> _What to work on_
Excluding pictures, reproduce word for word the lines from the one containing "FFA member Ryan" through the end of the material below.

> _Exercise data_

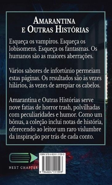 Esqueça os vampiros. Esqueça os lobisomens. Esqueça os fantasmas. Os humanos são as maiores aberrações. Vários sabores de infortúnio permeiam estas páginas. Os resultados são às vezes hilários, às vezes de arrepiar os cabelos. Amarantina e Outras Histórias serve nove fatias de horror trash, polvilhadas com peculiaridades e humor. Como um bônus, a coleção inclui notas de história, oferecendo ao leitor um raro vislumbre da inspiração por trás de cada conto.
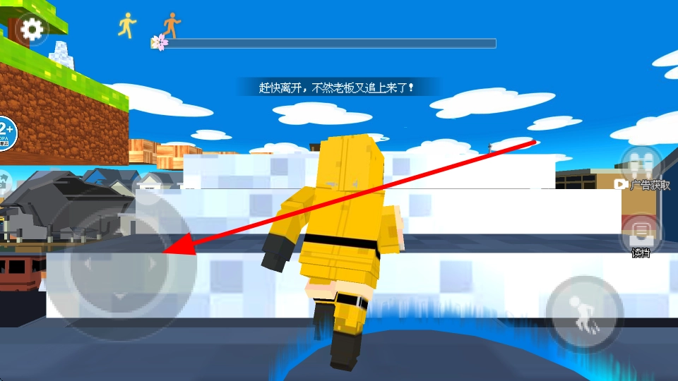2、轻点跳跃按钮,角色便能迅速跃起,不仅能够轻松越过障碍,还能躲开从后方追赶而来的老板。
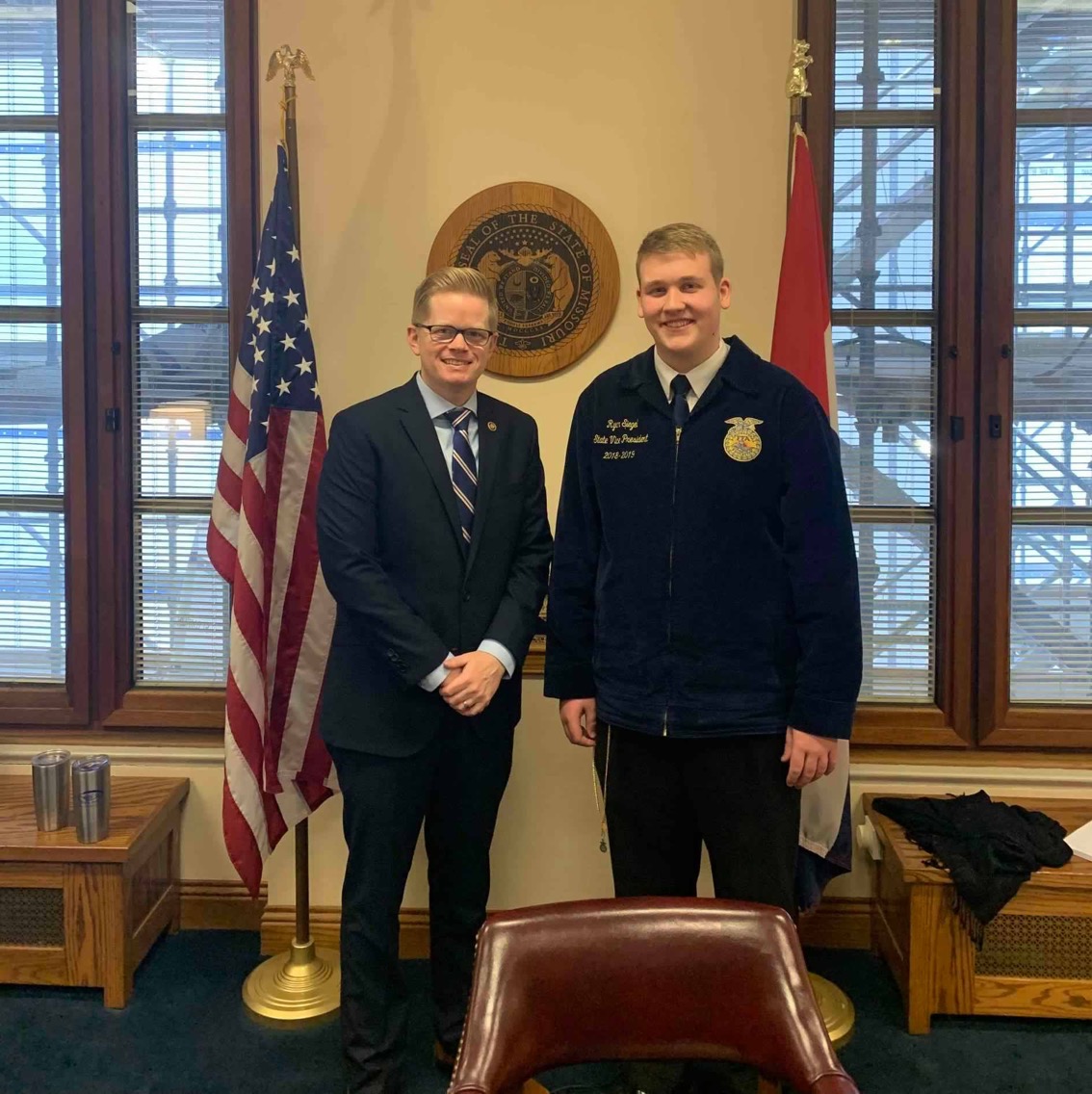 FFA member Ryan Siegel from Otterville with Senator Rowden
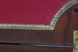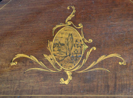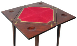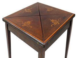 Tavolino da gioco a fazzoletto in noce, XIX secolo, piano intarsiato e rivestito in stoffa bordeaux, un cassetto nella fascia, poggiante su quattro gambe troncopiramidali su rotelle, cm h 74x55,5x55,5, (segni del tempo).
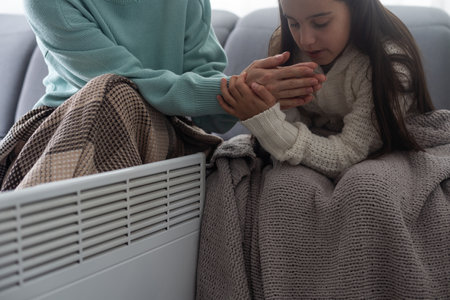 Mother and child warming hands near electric heater at home, closeup.
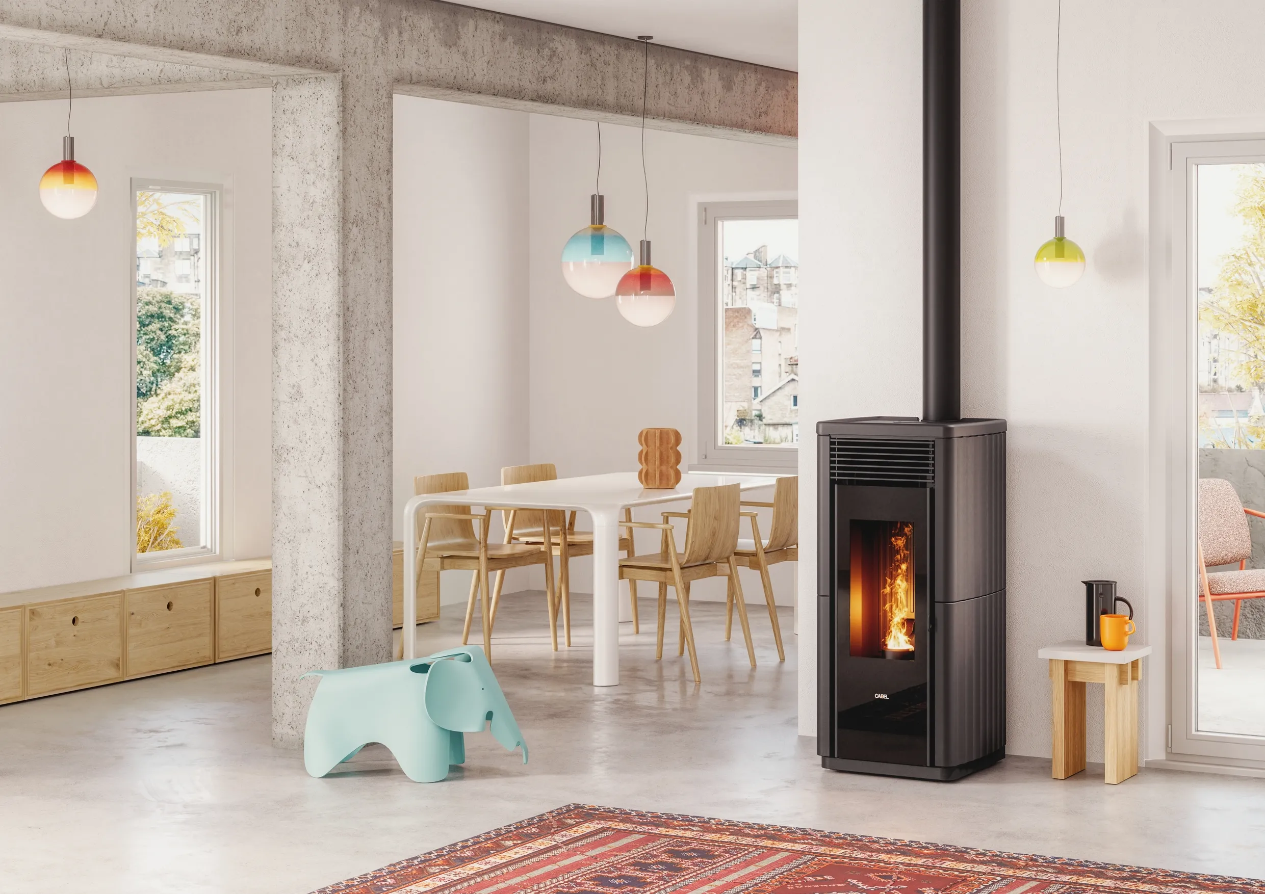 EIKO 365 di MCZ, brevettata e in classe 5 stelle, è la prima stufa a pellet che combina riscaldamento e raffrescamento, per maggiore efficienza e ingombro ridotto. Compatta e priva di unità esterna, non necessita di scarico per la condensa e richiede solo due fori nella parete perimetrale, uno per l’espulsione dell’aria calda in estate e l’ingresso di quella comburente d’inverno, l’altro per l’evacuazione dei fumi della combustione. Grazie al braciere automatico, la manutenzione è minima, con necessità di svuotare la cenere drasticamente ridotta, e la tecnologia CORE garantisce pulizia e prestazioni (ottima resa energetica, risparmio sui consumi, emissioni ridotte). Si comanda da pannello a scomparsa, telecomando opzionale con termostato ambiente o da remoto, grazie alla connessione Wi-Fi e Bluetooth. Prezzo da rivenditore. https://www.mczgroup.it

> _Exercise output_
 FFA member Ryan Siegel from Otterville with Senator Rowden
 Tavolino da gioco a fazzoletto in noce, XIX secolo, piano intarsiato e rivestito in stoffa bordeaux, un cassetto nella fascia, poggiante su quattro gambe troncopiramidali su rotelle, cm h 74x55,5x55,5, (segni del tempo).
 Mother and child warming hands near electric heater at home, closeup.
 EIKO 365 di MCZ, brevettata e in classe 5 stelle, è la prima stufa a pellet che combina riscaldamento e raffrescamento, per maggiore efficienza e ingombro ridotto. Compatta e priva di unità esterna, non necessita di scarico per la condensa e richiede solo due fori nella parete perimetrale, uno per l’espulsione dell’aria calda in estate e l’ingresso di quella comburente d’inverno, l’altro per l’evacuazione dei fumi della combustione. Grazie al braciere automatico, la manutenzione è minima, con necessità di svuotare la cenere drasticamente ridotta, e la tecnologia CORE garantisce pulizia e prestazioni (ottima resa energetica, risparmio sui consumi, emissioni ridotte). Si comanda da pannello a scomparsa, telecomando opzionale con termostato ambiente o da remoto, grazie alla connessione Wi-Fi e Bluetooth. Prezzo da rivenditore. https://www.mczgroup.it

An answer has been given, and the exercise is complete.